Pharmaceutical giant Johnson & Johnson has temporarily paused its clinical trials for a COVID-19 vaccine candidate after a participant fell ill.
The company halted the large late-stage clinical trial of a possible coronavirus vaccine due to an “unexplained illness” in one of the volunteers. It’s unclear what the illness was and whether the participant received the experimental vaccine or was given the placebo.
“Following our guidelines, the participant’s illness is being reviewed and evaluated by the ENSEMBLE independent Data Safety Monitoring Board (DSMB) as well as our internal clinical and safety physicians,” Johnson & Johnson said in a statement Monday announcing the pause.
“Adverse events - illnesses, accidents, etc. - even those that are serious, are an expected part of any clinical study, especially large studies,” the statement said.
Clinical trials are often resumed quickly after the illness is found not to be a serious health risk.
The experimental vaccine developed by the company’s subsidiary, Janssen Pharmaceutical Companies, went into phase three trials last month with 60,000 participants.
It’s the fourth vaccine in the U.S. to enter late-stage trials, trailing candidates developed by Pfizer/BioNTech, Moderna and AstraZeneca.
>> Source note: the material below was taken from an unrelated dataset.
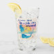 Comparte algo de humor con este tumbler de vidrio que presenta una sirena acuarela tumbada en la playa, disfrutando de la puesta de sol y una bebida tropical con una leyenda "Por supuesto que bebo como un pez, soy una sirena" con letras de pinceles azul marino. Perfecto para los temas "Bajo el mar". Arte de KL Stock.

Unlike the other vaccine candidates, Johnson & Johnson’s will require just one dose instead of two if it is proven to be safe and effective.
This is the second coronavirus vaccine trial to be paused in the U.S.
Two participants in AstraZeneca’s coronavirus vaccine trial became seriously ill after receiving the vaccine, prompting the trial to be paused twice. The trial was most recently paused last month and has yet to continue in the U.S.
Health officials have projected that a safe and effective coronavirus vaccine could be made available to high risk groups before the year is out. A vaccine isn’t likely to be broadly available to all Americans until several months into 2021.